The broker holds your AWS daemon credentials (via the SDK default chain) and brokers scoped temp credentials to authenticated daemons. Same binary local + hosted; only the credential source differs.
Local development shape:
# Activate the daemon profile so the AWS SDK can resolve credentials.
awsp agentkeys-daemon # or: export AWS_PROFILE=agentkeys-daemon
# Non-secret config: BROKER_BACKEND_URL is required; the rest derive
# from ACCOUNT_ID + REGION already in your shell.
export BROKER_BACKEND_URL="http://127.0.0.1:8090" # mock backend for v0.1 dev loop
cargo run --release -p agentkeys-broker-server -- --port 8091
# → "AWS credentials: SDK default chain (AWS_PROFILE / ~/.aws / IMDS)"
# → "broker listening on 0.0.0.0:8091"The broker:
- Validates incoming bearer tokens against
BROKER_BACKEND_URL(the mock server in dev; the real chain backend in v0.2+). - Calls
sts:assume-roleonBROKER_DATA_ROLE_ARNusing whatever credentials the SDK default chain returned. - Returns 1-hour temp creds to the caller.
- Logs every mint to
BROKER_AUDIT_DB_PATH(SQLite, one row per mint).
For runbook detail (start / supervise / rotate / monitor / migrate to hosted), see scripts/setup-broker-host.sh (idempotent; the canonical entry point).
For the automated remote-host bootstrap, see scripts/setup-broker-host.sh.

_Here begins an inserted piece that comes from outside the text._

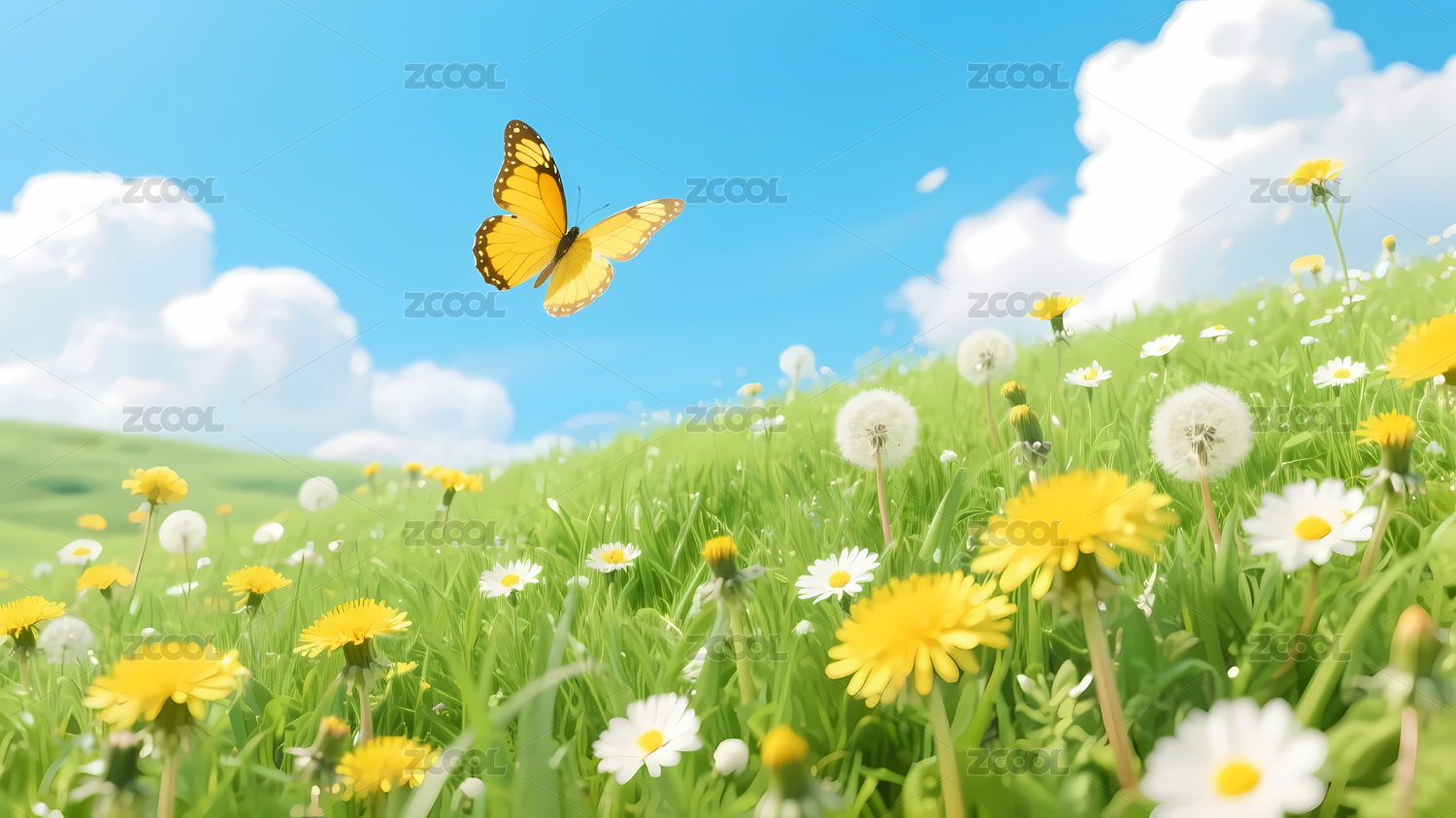 草地蝴蝶与蒲公英花朵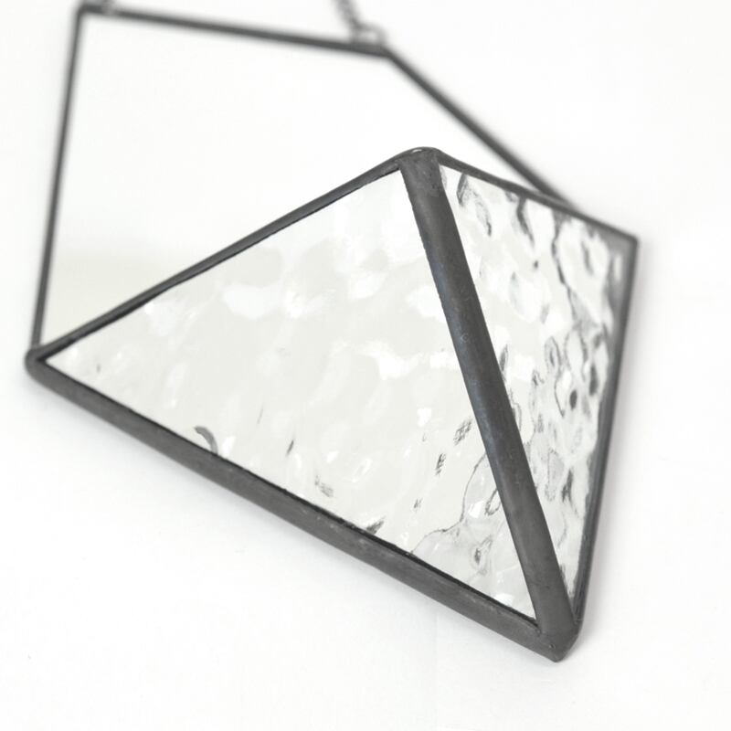 ガラスとガラスを繋いでいるハンダの部分は錆び加工を施し、アンティークの用な重厚感のある雰囲気に仕上げています。主張しすぎないデザインがどんなお部屋にも合わせやすいのでプレゼントにもオススメです。

For v0.1 each developer gets a session token by running agentkeys init against your mock backend (or the real chain backend). The token they receive is what they paste into AGENTKEYS_BEARER_TOKEN per §4.1. Token TTL is 30 days per wiki/session-token.md.
If you're running everything on one box (typical solo dev), you'll want three terminals up:
# Terminal A — mock backend
cargo run --release -p agentkeys-mock-server -- --port 8090
# Terminal B — broker. AWS credentials come from the active profile.
awsp agentkeys-daemon
export BROKER_BACKEND_URL=http://127.0.0.1:8090
cargo run --release -p agentkeys-broker-server -- --port 8091
# Terminal C — real Chrome with CDP (only if you're running scrapers)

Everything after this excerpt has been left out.